This has been a frustrating week and I'm guessing (hoping?) that some of you can relate and that I'm not too wayyyy out in LaLaLand. Probable MS... do I or don't I????
First, I had my yearly with my Primary Doctor. She did a very thorough exam and pointed out deficits/abnormals as she went. I'm OK with that. I knew what they were anyway. She reminded me to be careful on the stairs, advised cranberry juice to prevent UTI's due to bladder issues, agreed with my bowel routine to keep things moving along, renewed clonazepam for night-time leg spasms. She listened, advised, didn't make me feel crazy. She said "your MS may continue to give you problems with {insert countless weird symptoms here}" and instead of making me feel like a victim, she encouraged me to be proactive. I'm fine with not knowing for sure what is going on neurologically, as long as there she recognizes *something*.
Then, my 3-month follow-up with my Neurologist (which fell in the middle of one of my nastiest days at work, as fate would have it). Pompous a$$. 5 minutes, no eye contact, a barely minimal neuro exam that ONLY tested cranial nerves (I was a stroke nurse, *I* could have done this to me... and I don't have problems with my tongue deviating or my eyebrows raising evenly... how about testing my reflexes and balance??). I told him about falling down the stairs last month and my leg buckling at least once/wk leaving me catching myself or on the floor.

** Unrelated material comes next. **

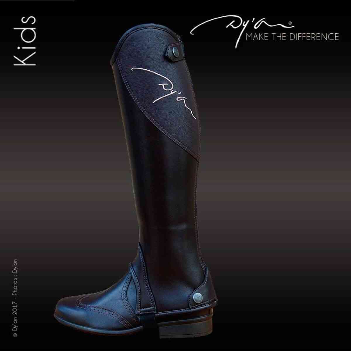 Legg chaps til barn med YKK glidelås bak og stilig Dyón logo. Innvendig panel i ekte lær og utvendige panel i elastisk syntetisk lær, microfiber lining.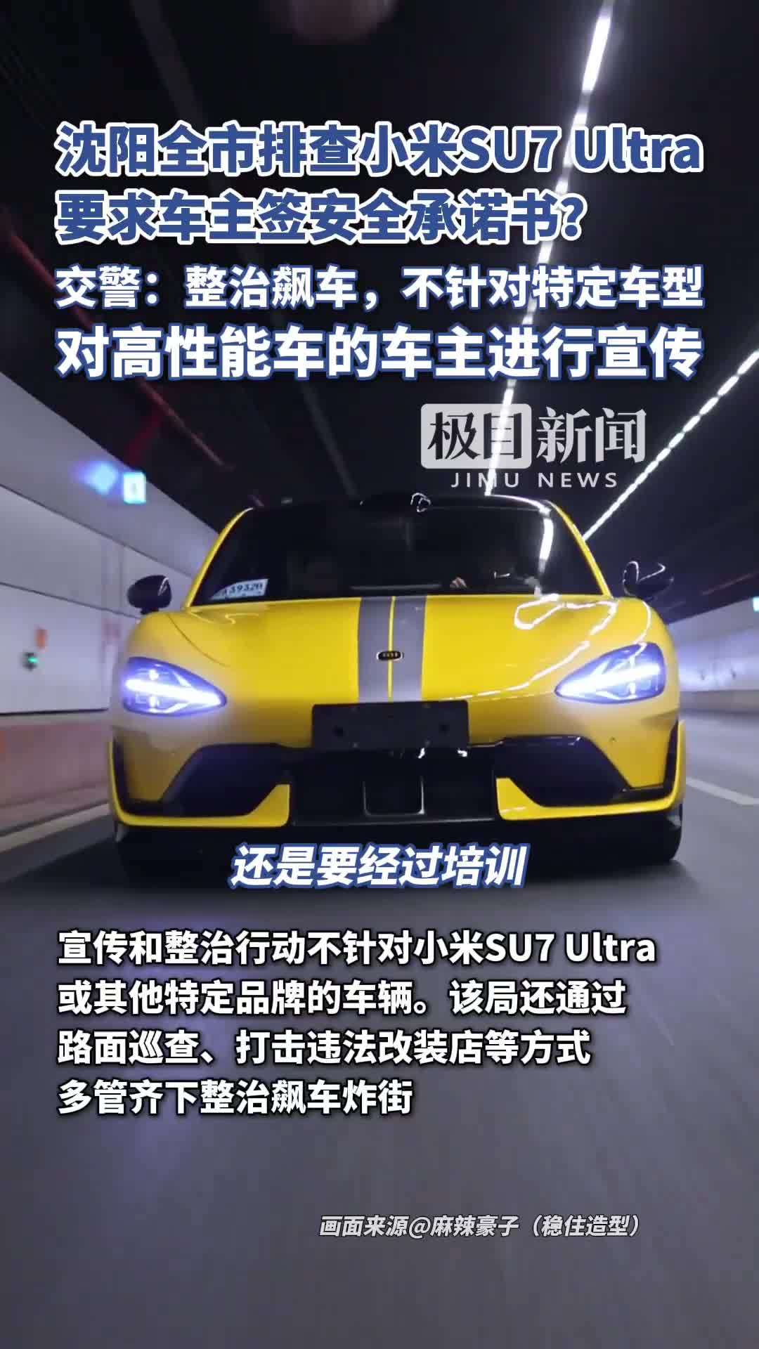 沈阳全市排查小米SU7 Ultra,要求车主签安全承诺书?当地交警澄清

He says "may be seizures or black-outs". What should I do for follow-up/safety? "Less stress". Hmm, I'm right on that, Doc.
Bladder problems: "You have four children, of course you will have bladder problems". Well what about the 5 years after last child/before bladder problems began?? I was once the queen of the Kegels before I became the queen of the numbum last fall. He said "you need to see a urologist/gyne and they will test you and teach you exercises. But I don't know any good ones to refer you to, so ask your primary doctor. Here is a prescription for Detropan in the meantime" (bladder infections, here we come!!!) He says "We don't know what is going on, but stress and depression can be very psychosomatic" (uhhhh, what if I am not depressed, and my greatest stress right now is dealing with two pre-teen daughters?? LOL -- sure that IS stressful, but it's very doable :)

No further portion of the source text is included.